Any indication in this Announcement of the price at which ordinary shares have been bought or sold in the past cannot be relied upon as a guide to future performance. No statement in this Announcement is intended as a profit forecast or estimate for any period and no statement in this Announcement should be interpreted to mean that earnings, earnings per share or income, cash flow from operations or free cash flow for the Company, as appropriate, for the current or future years would necessarily match or exceed the historical published earnings, earnings per share or income, cash flow from operations or free cash flow for the Company.

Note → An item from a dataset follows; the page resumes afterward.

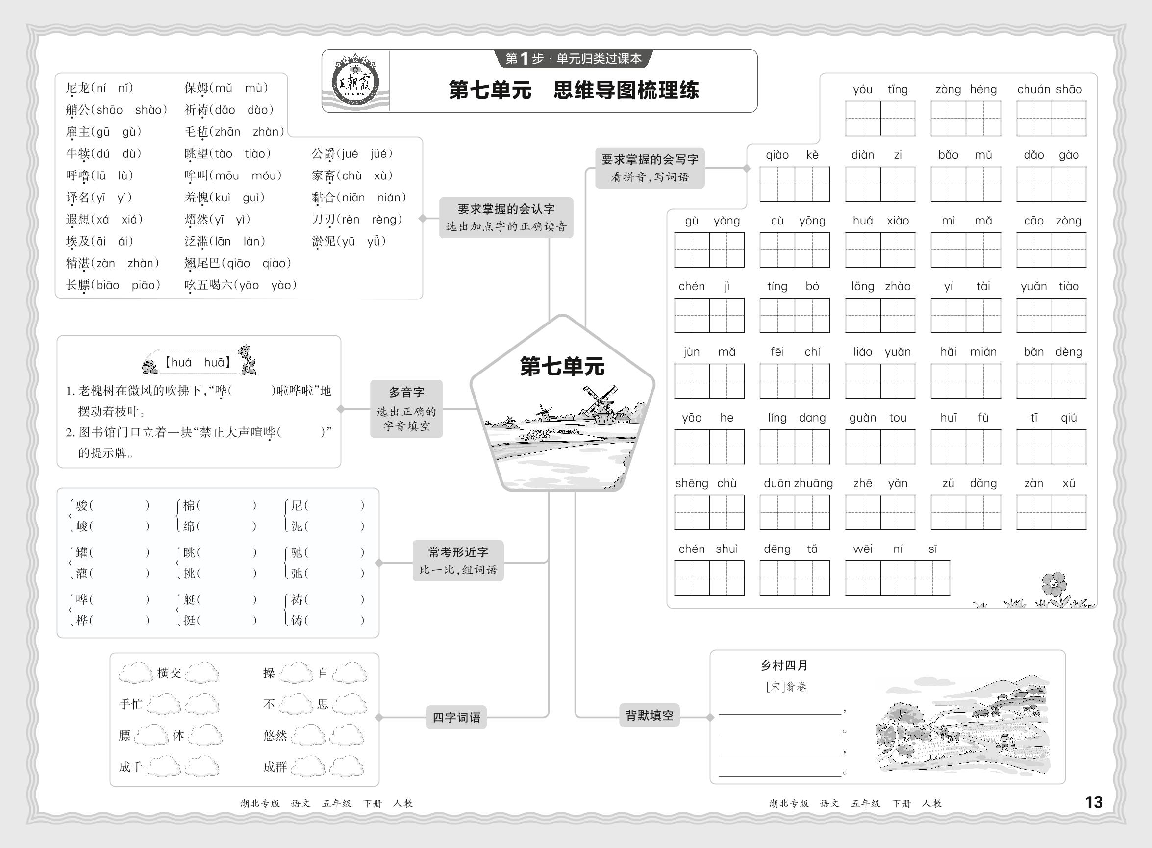 2024春下册五年级语文人教版 期末过课本湖北版·第七单元 基础知识梳理练

Each of the Banks are authorised by the Prudential Regulatory Authority and regulated in the United Kingdom by the Prudential Regulation Authority, and each of the Banks and Evercore are regulated in the United Kingdom by the Financial Conduct Authority. Each of the Banks and Evercore is acting exclusively for the Company and no one else in connection with the Placing, the content of this Announcement and other matters described in this Announcement. The Banks and Evercore will not regard any other person as their respective clients in relation to the Placing, the content of this Announcement and other matters described in this Announcement and will not be responsible to anyone (including any placees) other than the Company for providing the protections afforded to their respective clients or for providing advice to any other person in relation to the Placing, the content of this Announcement or any other matters referred to in this Announcement.
In connection with the Placing, each of the Banks and Evercore and any of their affiliates, acting as investors for their own account, may take up a portion of the shares in the Placing as a principal position and in that capacity may retain, purchase, sell, offer to sell for their own accounts such shares and other securities of the Company or related investments in connection with the Placing or otherwise. Accordingly, references to Placing Shares being offered, acquired, placed or otherwise dealt in should be read as including any issue or offer to, or acquisition, placing or dealing by, each of the Banks and Evercore and any of their affiliates acting in such capacity. In addition, each of the Banks and Evercore and any of their affiliates may enter into financing arrangements (including swaps, warrants or contracts for differences) with investors in connection with which each of the Banks and Evercore and any of their respective affiliates may from time to time acquire, hold or dispose of shares. None of the Banks or Evercore intend to disclose the extent of any such investment or transactions otherwise than in accordance with any legal or regulatory obligations to do so.
Each of the Banks, Evercore and their respective affiliates may have engaged in transactions with, and provided various commercial banking, investment banking, financial advisory transactions and services in the ordinary course of their business with the Company and/or its affiliates for which they would have received customary fees and commissions. Each of the Banks, Evercore and their respective affiliates may provide such services to the Company and/or its affiliates in the future.
Neither the content of the Company's website (or any other website) nor the content of any website accessible from hyperlinks on the Company's website (or any other website) is incorporated into or forms part of this Announcement. The Placing Shares to be issued or sold pursuant to the Placing will not be admitted to trading on any stock exchange other than the London Stock Exchange.